Work instruction:
Each line of the listing below should come back exactly as it is.

Source information:

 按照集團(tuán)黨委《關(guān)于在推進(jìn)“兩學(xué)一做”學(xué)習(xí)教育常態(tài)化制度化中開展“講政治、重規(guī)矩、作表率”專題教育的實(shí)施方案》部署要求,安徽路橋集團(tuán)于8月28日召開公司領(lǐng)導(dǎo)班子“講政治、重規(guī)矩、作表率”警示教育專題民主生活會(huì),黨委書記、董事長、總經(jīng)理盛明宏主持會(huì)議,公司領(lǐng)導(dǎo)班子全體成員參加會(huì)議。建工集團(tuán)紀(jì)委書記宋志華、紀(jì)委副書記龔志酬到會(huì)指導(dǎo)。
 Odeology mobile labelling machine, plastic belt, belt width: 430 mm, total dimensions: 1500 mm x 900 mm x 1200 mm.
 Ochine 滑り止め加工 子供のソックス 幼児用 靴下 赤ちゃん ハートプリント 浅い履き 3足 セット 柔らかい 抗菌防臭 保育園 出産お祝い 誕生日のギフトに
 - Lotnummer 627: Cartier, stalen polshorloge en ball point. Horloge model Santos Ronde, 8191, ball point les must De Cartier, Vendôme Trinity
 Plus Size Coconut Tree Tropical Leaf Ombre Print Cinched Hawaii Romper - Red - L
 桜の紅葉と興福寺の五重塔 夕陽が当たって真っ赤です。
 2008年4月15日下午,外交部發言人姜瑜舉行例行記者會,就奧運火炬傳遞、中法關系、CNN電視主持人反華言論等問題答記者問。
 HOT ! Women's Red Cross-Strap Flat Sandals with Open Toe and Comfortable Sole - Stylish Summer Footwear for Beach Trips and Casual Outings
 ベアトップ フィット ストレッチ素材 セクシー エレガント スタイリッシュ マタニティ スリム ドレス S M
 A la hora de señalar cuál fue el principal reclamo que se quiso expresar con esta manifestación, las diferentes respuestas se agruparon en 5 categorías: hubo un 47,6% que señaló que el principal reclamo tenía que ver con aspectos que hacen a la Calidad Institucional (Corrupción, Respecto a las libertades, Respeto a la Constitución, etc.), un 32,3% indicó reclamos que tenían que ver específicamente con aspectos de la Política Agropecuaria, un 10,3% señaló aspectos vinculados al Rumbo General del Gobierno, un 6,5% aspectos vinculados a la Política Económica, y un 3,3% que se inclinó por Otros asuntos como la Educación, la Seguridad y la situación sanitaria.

Exercise solution:
 按照集團(tuán)黨委《關(guān)于在推進(jìn)“兩學(xué)一做”學(xué)習(xí)教育常態(tài)化制度化中開展“講政治、重規(guī)矩、作表率”專題教育的實(shí)施方案》部署要求,安徽路橋集團(tuán)于8月28日召開公司領(lǐng)導(dǎo)班子“講政治、重規(guī)矩、作表率”警示教育專題民主生活會(huì),黨委書記、董事長、總經(jīng)理盛明宏主持會(huì)議,公司領(lǐng)導(dǎo)班子全體成員參加會(huì)議。建工集團(tuán)紀(jì)委書記宋志華、紀(jì)委副書記龔志酬到會(huì)指導(dǎo)。
 Odeology mobile labelling machine, plastic belt, belt width: 430 mm, total dimensions: 1500 mm x 900 mm x 1200 mm.
 Ochine 滑り止め加工 子供のソックス 幼児用 靴下 赤ちゃん ハートプリント 浅い履き 3足 セット 柔らかい 抗菌防臭 保育園 出産お祝い 誕生日のギフトに
 - Lotnummer 627: Cartier, stalen polshorloge en ball point. Horloge model Santos Ronde, 8191, ball point les must De Cartier, Vendôme Trinity
 Plus Size Coconut Tree Tropical Leaf Ombre Print Cinched Hawaii Romper - Red - L
 桜の紅葉と興福寺の五重塔 夕陽が当たって真っ赤です。
 2008年4月15日下午,外交部發言人姜瑜舉行例行記者會,就奧運火炬傳遞、中法關系、CNN電視主持人反華言論等問題答記者問。
 HOT ! Women's Red Cross-Strap Flat Sandals with Open Toe and Comfortable Sole - Stylish Summer Footwear for Beach Trips and Casual Outings
 ベアトップ フィット ストレッチ素材 セクシー エレガント スタイリッシュ マタニティ スリム ドレス S M
 A la hora de señalar cuál fue el principal reclamo que se quiso expresar con esta manifestación, las diferentes respuestas se agruparon en 5 categorías: hubo un 47,6% que señaló que el principal reclamo tenía que ver con aspectos que hacen a la Calidad Institucional (Corrupción, Respecto a las libertades, Respeto a la Constitución, etc.), un 32,3% indicó reclamos que tenían que ver específicamente con aspectos de la Política Agropecuaria, un 10,3% señaló aspectos vinculados al Rumbo General del Gobierno, un 6,5% aspectos vinculados a la Política Económica, y un 3,3% que se inclinó por Otros asuntos como la Educación, la Seguridad y la situación sanitaria.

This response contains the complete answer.